### Records provided

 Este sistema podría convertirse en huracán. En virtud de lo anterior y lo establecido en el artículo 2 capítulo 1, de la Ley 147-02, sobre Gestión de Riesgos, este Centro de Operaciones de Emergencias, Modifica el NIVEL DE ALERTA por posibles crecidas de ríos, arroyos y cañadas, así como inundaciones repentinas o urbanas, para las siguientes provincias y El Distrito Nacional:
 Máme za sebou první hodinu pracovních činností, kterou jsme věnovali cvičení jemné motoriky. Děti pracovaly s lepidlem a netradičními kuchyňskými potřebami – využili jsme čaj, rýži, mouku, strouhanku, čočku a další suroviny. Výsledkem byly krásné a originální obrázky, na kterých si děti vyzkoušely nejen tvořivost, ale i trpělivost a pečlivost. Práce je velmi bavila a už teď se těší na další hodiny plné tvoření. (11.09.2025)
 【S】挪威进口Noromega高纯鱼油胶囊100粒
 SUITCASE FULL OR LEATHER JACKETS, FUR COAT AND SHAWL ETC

######
### Records provided

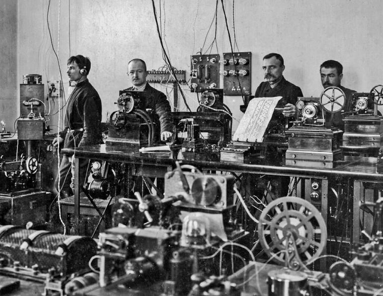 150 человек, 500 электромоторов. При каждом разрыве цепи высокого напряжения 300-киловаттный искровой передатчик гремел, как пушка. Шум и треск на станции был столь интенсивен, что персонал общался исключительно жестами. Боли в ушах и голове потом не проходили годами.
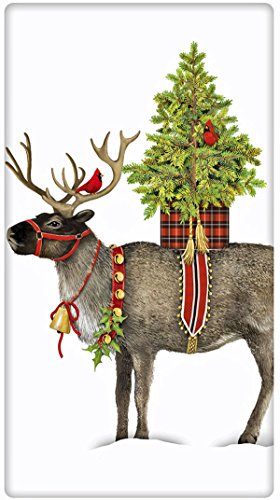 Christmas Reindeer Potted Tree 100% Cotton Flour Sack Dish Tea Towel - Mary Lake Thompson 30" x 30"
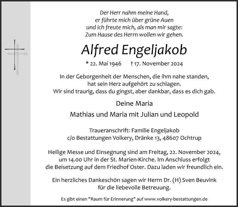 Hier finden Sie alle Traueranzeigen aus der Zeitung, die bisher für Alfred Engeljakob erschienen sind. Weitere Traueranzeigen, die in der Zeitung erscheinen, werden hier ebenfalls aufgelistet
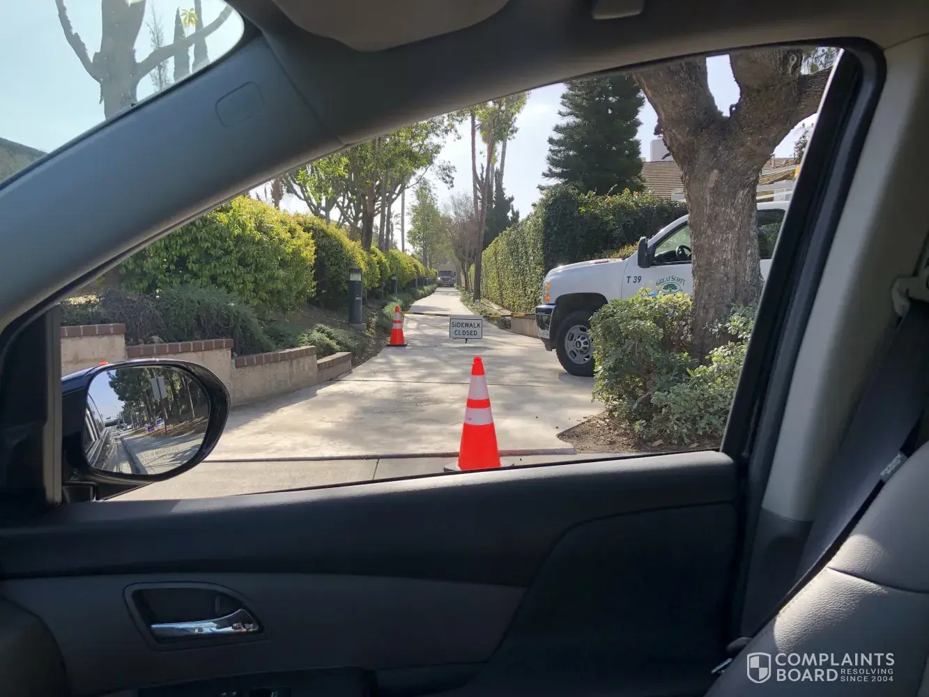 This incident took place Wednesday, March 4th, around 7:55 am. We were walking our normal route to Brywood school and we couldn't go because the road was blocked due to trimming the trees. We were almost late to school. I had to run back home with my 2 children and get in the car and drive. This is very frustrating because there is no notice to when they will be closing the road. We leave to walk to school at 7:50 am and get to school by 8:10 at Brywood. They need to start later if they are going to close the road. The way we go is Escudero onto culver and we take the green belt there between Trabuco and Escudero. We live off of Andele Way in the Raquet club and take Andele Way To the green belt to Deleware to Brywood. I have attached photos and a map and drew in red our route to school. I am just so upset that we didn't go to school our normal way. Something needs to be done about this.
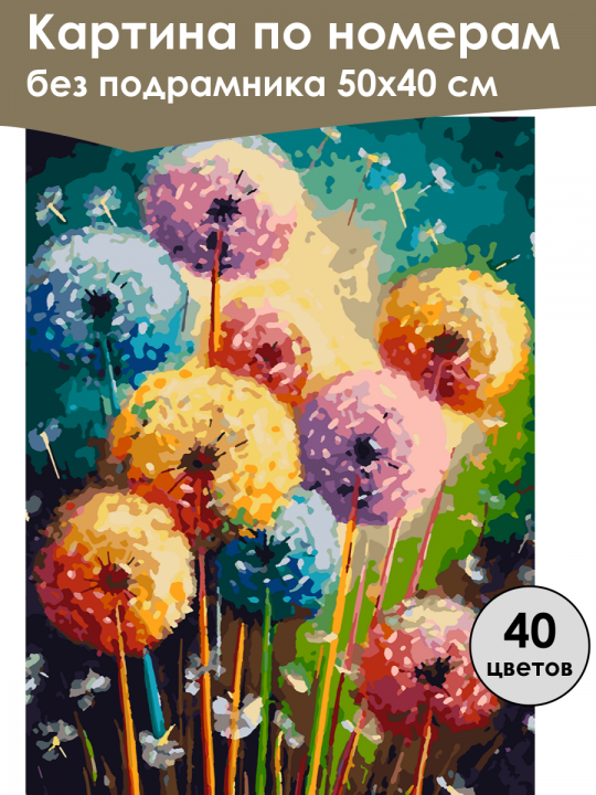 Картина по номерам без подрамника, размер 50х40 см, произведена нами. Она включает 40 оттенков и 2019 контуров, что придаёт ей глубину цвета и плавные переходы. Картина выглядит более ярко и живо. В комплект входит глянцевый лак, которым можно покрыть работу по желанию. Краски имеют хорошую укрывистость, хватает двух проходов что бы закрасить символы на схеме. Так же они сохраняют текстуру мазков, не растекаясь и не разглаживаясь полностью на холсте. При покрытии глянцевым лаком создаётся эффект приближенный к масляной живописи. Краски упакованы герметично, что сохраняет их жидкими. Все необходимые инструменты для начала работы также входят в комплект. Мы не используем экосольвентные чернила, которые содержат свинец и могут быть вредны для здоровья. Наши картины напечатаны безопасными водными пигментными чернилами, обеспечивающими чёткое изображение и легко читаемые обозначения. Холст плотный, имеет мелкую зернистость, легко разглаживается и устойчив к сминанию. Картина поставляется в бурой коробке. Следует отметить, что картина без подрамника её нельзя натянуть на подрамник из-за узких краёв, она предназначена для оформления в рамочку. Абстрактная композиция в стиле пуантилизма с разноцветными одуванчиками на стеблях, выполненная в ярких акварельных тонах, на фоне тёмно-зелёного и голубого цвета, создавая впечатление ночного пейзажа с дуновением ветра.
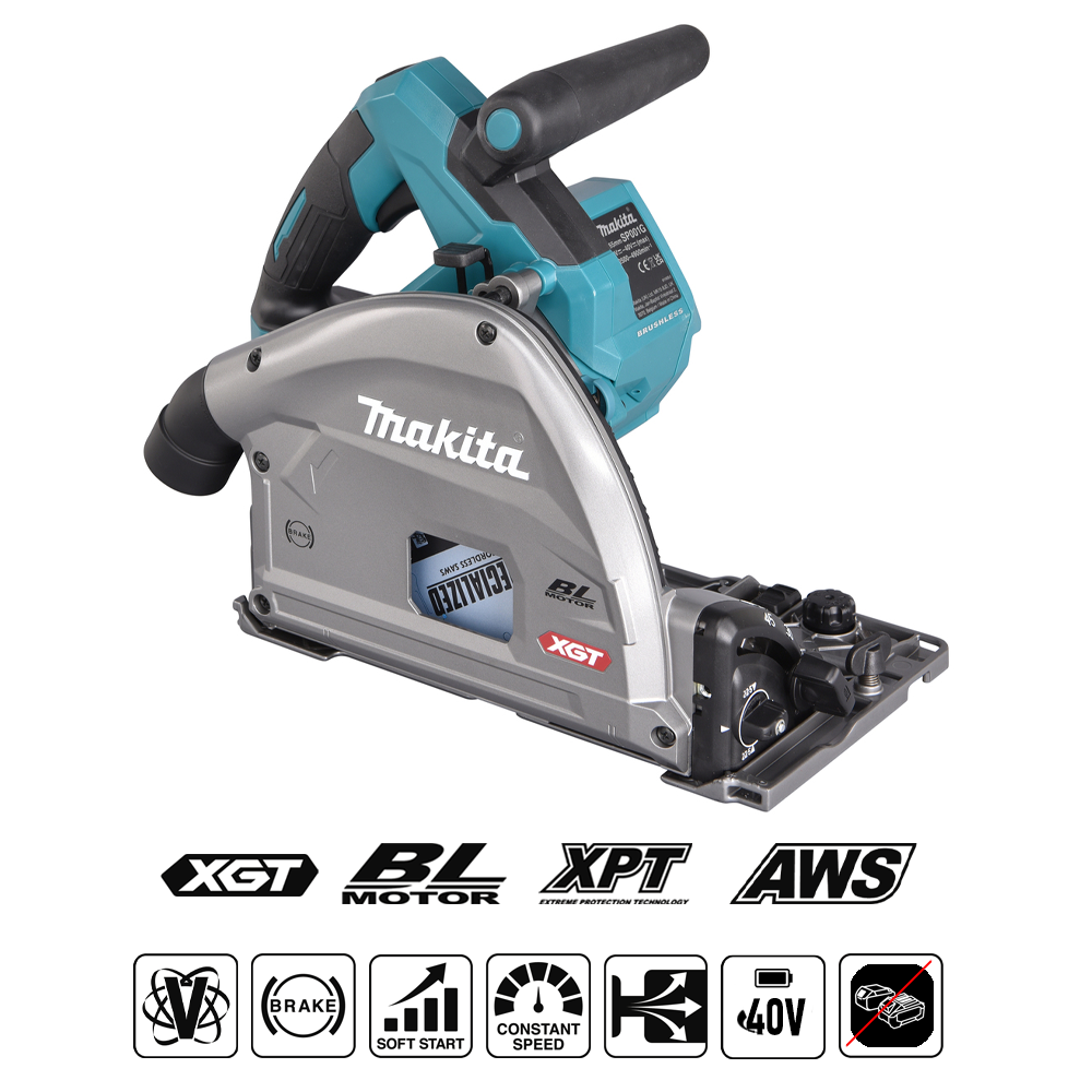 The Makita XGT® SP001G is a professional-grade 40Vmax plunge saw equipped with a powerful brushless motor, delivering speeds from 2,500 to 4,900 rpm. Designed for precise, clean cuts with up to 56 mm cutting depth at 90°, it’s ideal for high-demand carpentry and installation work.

######

◆ Work instructions
Set the pictures aside and reproduce exactly the lines above, from the line holding "150 человек, 500" through the line holding "This incident took", both included, with nothing else.

◆ Result of the task
 150 человек, 500 электромоторов. При каждом разрыве цепи высокого напряжения 300-киловаттный искровой передатчик гремел, как пушка. Шум и треск на станции был столь интенсивен, что персонал общался исключительно жестами. Боли в ушах и голове потом не проходили годами.
 Christmas Reindeer Potted Tree 100% Cotton Flour Sack Dish Tea Towel - Mary Lake Thompson 30" x 30"
 Hier finden Sie alle Traueranzeigen aus der Zeitung, die bisher für Alfred Engeljakob erschienen sind. Weitere Traueranzeigen, die in der Zeitung erscheinen, werden hier ebenfalls aufgelistet
 This incident took place Wednesday, March 4th, around 7:55 am. We were walking our normal route to Brywood school and we couldn't go because the road was blocked due to trimming the trees. We were almost late to school. I had to run back home with my 2 children and get in the car and drive. This is very frustrating because there is no notice to when they will be closing the road. We leave to walk to school at 7:50 am and get to school by 8:10 at Brywood. They need to start later if they are going to close the road. The way we go is Escudero onto culver and we take the green belt there between Trabuco and Escudero. We live off of Andele Way in the Raquet club and take Andele Way To the green belt to Deleware to Brywood. I have attached photos and a map and drew in red our route to school. I am just so upset that we didn't go to school our normal way. Something needs to be done about this.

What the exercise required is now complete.